(MATERIAL FOR THE TASK Opens)
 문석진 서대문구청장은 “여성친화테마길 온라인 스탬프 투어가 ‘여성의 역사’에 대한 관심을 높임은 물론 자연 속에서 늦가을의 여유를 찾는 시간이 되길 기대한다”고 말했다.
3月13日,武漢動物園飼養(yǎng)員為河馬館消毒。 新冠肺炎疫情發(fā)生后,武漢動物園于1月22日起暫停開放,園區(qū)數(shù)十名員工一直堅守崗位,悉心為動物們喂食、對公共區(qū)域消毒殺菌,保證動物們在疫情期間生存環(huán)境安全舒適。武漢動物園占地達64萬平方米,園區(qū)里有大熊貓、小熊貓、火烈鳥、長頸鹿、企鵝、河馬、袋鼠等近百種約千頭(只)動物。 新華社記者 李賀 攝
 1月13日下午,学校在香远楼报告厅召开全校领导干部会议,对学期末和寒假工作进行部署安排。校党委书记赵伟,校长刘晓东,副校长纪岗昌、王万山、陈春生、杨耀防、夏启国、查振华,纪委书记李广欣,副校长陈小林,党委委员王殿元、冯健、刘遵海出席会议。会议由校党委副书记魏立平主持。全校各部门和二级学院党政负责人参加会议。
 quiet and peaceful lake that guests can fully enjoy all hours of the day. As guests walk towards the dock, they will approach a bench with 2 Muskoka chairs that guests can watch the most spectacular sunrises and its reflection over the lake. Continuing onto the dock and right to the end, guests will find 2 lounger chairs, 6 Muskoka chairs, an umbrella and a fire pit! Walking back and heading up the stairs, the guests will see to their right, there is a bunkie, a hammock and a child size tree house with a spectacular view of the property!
(MATERIAL FOR THE TASK Closes)
(MATERIAL FOR THE TASK Opens)
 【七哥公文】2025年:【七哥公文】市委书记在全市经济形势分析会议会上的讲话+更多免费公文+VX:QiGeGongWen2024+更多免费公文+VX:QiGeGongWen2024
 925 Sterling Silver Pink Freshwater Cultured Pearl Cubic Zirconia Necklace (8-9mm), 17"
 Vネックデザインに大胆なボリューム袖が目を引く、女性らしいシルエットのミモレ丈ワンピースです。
(MATERIAL FOR THE TASK Closes)
*WHAT TO WORK ON:*
Copy, exactly and only, the lines above that begin with the one containing "온라인 스탬프 투어가" and finish with the one containing "quiet and peaceful".

*RESPONSE BELOW:*
 문석진 서대문구청장은 “여성친화테마길 온라인 스탬프 투어가 ‘여성의 역사’에 대한 관심을 높임은 물론 자연 속에서 늦가을의 여유를 찾는 시간이 되길 기대한다”고 말했다.
3月13日,武漢動物園飼養(yǎng)員為河馬館消毒。 新冠肺炎疫情發(fā)生后,武漢動物園于1月22日起暫停開放,園區(qū)數(shù)十名員工一直堅守崗位,悉心為動物們喂食、對公共區(qū)域消毒殺菌,保證動物們在疫情期間生存環(huán)境安全舒適。武漢動物園占地達64萬平方米,園區(qū)里有大熊貓、小熊貓、火烈鳥、長頸鹿、企鵝、河馬、袋鼠等近百種約千頭(只)動物。 新華社記者 李賀 攝
 1月13日下午,学校在香远楼报告厅召开全校领导干部会议,对学期末和寒假工作进行部署安排。校党委书记赵伟,校长刘晓东,副校长纪岗昌、王万山、陈春生、杨耀防、夏启国、查振华,纪委书记李广欣,副校长陈小林,党委委员王殿元、冯健、刘遵海出席会议。会议由校党委副书记魏立平主持。全校各部门和二级学院党政负责人参加会议。
 quiet and peaceful lake that guests can fully enjoy all hours of the day. As guests walk towards the dock, they will approach a bench with 2 Muskoka chairs that guests can watch the most spectacular sunrises and its reflection over the lake. Continuing onto the dock and right to the end, guests will find 2 lounger chairs, 6 Muskoka chairs, an umbrella and a fire pit! Walking back and heading up the stairs, the guests will see to their right, there is a bunkie, a hammock and a child size tree house with a spectacular view of the property!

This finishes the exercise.